First Timer’s Guide to India

I ventured to India for the very first time this past December. Not only did it completely exceed any and all expectations I had prior to going, it also quickly became one of my favorite destinations on earth!! I’m embarrassed to admit (now that I’ve been) that there were a few concerns I had that kept me from going for so long. Which is exactly why I feel this guide is so important to write.

On that note, this entry is written slightly different from previous city guides on TravelWriteDraw for the simple fact that I covered 4 cities in 8 days (Delhi, Jaipur, and Agra with a night in Karauli). I wouldn’t be able to do proper justice for any single one of these cities, so instead this guide will cover the most frequently asked questions I got while visiting India, as well as the key misconceptions I want to dispel.

Full disclosure, I went on this trip with a guided group and was never out walking on my own at any point on the tour. I think it’s important to note this since it completely shaped my experience and would likely be different for someone traveling on their own.

As with any international destination I visit, I first made sure to check-in with my NYC travel clinic before departing for Delhi.
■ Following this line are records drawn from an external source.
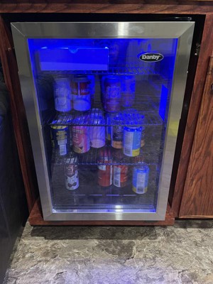 Nice little beverage fridge. Perfect for TV Room. Love the LED blue lights. Makes product look classy!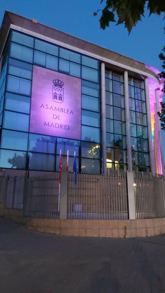 El edificio de la Asamblea de Madrid se iluminó ayer por la noche con los colores arcoíris con motivo de la celebración de la semana del Orgullo LGTBI, tal y como solicitó el PSOE y aprobó la Mesa de la Cámara regional.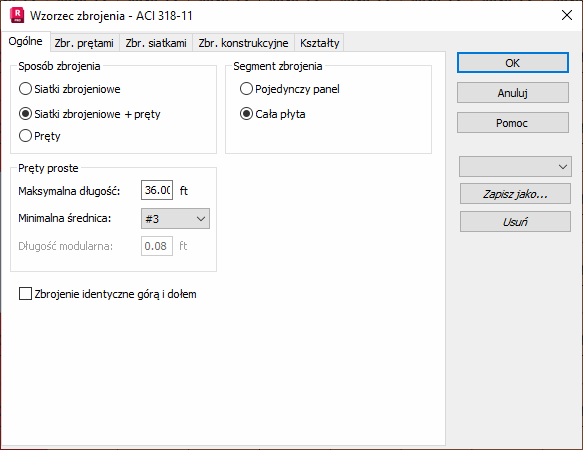 Pręty proste: opcja umożliwia określenie maksymalnej długości prętów prostych jakie mają być stosowane do zbrojenia, średnicę od jakiej ma być stosowany warunek. Dodatkowo opcja długości modularnej określa wartość (moduł), do której ma być zaokrąglona długość pręta. Na przykład pręt o długości 5,36 m w pierwszym segmencie po wpisaniu wartości 0,10 m będzie miał długość 5,40 m.

This is totally up to your discretion but they gave me a lot of helpful pointers on how to avoid any unwanted health related issues:

  1. Do pack your bug spray. Though malaria is rare, dengue (to my knowledge) is slightly more common and something you definitely want to avoid if possible.
  2. Pick-up several packs of Wet-Ones antibacterial wipes before you go. I ran through about 4 packs of these during my trip and they were an absolute life saver when we were out on city food tours or doing our overland journeys between cities.
  3. Take your Pepto-Bismol. Again this is something a doctor can better advise on but I took one each morning and never had a problem with my stomach.

Which brings me to my first misconception: I was told repeatedly by seasoned India travellers that getting “Delhi Belly” is not only unavoidable but also a rite of passage. I’m typically pretty sensitive in my normal everyday routine so nothing about this alleged, inevitable illness seemed appealing to me. But here comes the absolute fortunate reality of my trip: I DID NOT get sick! Not once!

I was very careful not to drink anything but sealed bottled water. That meant no ice cubes or tap water. I also only ate cooked or steamed vegetables in mainly vegetarian dishes. If you are careful to avoid raw, uncooked foods, as well as tap water, you should be just fine. Obviously I can only speak from my experience and cannot guarantee how your trip will go, but if you exercise caution, getting sick does not need to be apart of your trip souvenirs.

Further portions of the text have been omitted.